[Work order] Copy out the lines of the records below, and only those lines, from the one with "A PSAP locomotive" through the one with "To join our", exactly as they appear.

[Material for this exercise]
──────────
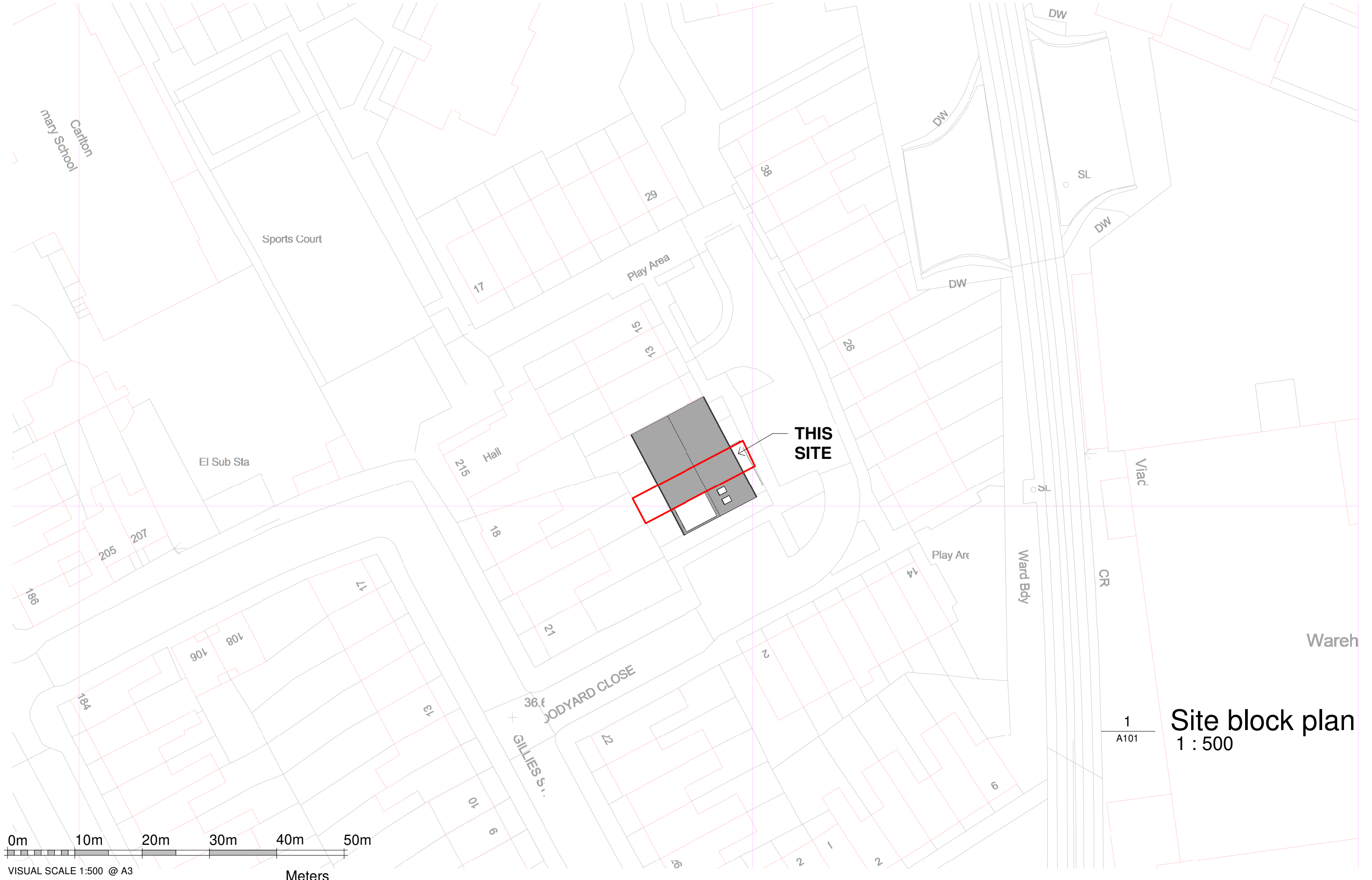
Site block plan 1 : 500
──────────
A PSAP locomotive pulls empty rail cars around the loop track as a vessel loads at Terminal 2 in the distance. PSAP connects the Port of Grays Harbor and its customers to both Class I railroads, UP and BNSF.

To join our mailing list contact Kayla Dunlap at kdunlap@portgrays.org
──────────
[Written reply]
A PSAP locomotive pulls empty rail cars around the loop track as a vessel loads at Terminal 2 in the distance. PSAP connects the Port of Grays Harbor and its customers to both Class I railroads, UP and BNSF.

To join our mailing list contact Kayla Dunlap at kdunlap@portgrays.org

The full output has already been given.